The guns that thundered off Manila and Santiago left us echoes of glory, but they also left us a legacy of duty. If we drove out a medieval tyranny only to make room for savage anarchy we had better not have begun the task at all. It is worse than idle to say that we have no duty to perform, and can leave to their fates the islands we have conquered. Such a course would be the course of infamy. It would be followed at once by utter chaos in the wretched islands themselves.
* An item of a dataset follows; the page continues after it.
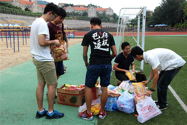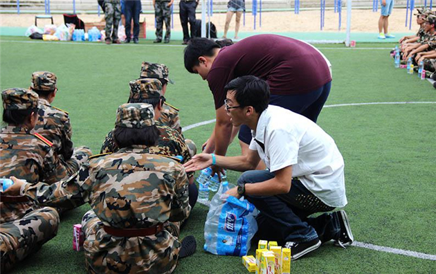 在慰问表演进行的同时,学长学姐们也为辛苦训练的同学及承训官兵们带来了饮品与食物。

Some stronger manlier power would have to step in and do the work, and we would have shown ourselves weaklings, unable to carry to successful completion the labors that great and high-spirited nations are eager to undertake.
~Theodore Roosevelt (1858-1919) (quoted in DiNunzio, ed., Theodore Roosevelt, An American Mind)

It has been a splendid little war; begun with the highest motives, carried on with magnificent intelligence and spirit, favored by that fortune which loves the brave. 
~John Hay (1838-1905)*(of the Spanish-American War, letter to Theodore Roosevelt, 1898)

The Spanish-American war was not a great war. A large number of our troops took the hazard of watermelons in Georgia and Florida, and fought the malaria and mosquitoes, but very few Spanish... The Spanish-American War yielded comparatively little in heroics [but] paid the most marvelous dividends in politics and in magazine articles of any war in the history of the country. 
~James L. Slayden (1853-1924) (to the House of Representatives, 1906) 

An hour or two at Manila, an hour or two at Santiago, and the maps of the world were changed. 
~Rear Admiral A. S. Barker, USN (1843-1916) (attributed) 

Today is the 116th anniversary of Spain's declaration of war against the United States in 1898, marking the formal beginning of the Spanish-American War (wiki). Motivated in part by sympathy for the Cuban rebellion against Spanish rule, outraged by the sinking of the battleship Maine at Havana in February (wrongly attributed to Spanish sabotage), and with the "yellow press" inflaming public opinion, the United States openly supported the Cuban rebels and demanded Spanish withdrawal from Cuba. Spain's declaration of war soon followed. After decisive American naval victories at Manila Bay (in the Philippines) and at Santiago de Cuba, along with heavy ground fighting in Cuba itself, Spain was quickly defeated and in the ensuing Treaty of Paris in December, Cuba was freed (under U.S. tutelage), and the Philippines, Puerto Rico, and Guam were ceded to the United States, making it an international power for the first time. President William McKinley (1843-1901) would later remark of the American gains, 
"The mission of the United States is one of benevolent assimilation."
* N.B. John Hay served as one of President Lincoln's private secretaries during the Civil War and was later Secretary of State under Presidents McKinley and Theodore Roosevelt. 

Commodore George Dewey at the battle of Manila Bay:


"You may fire when ready, Gridley... I'm going down to the barbette where the armor's thicker."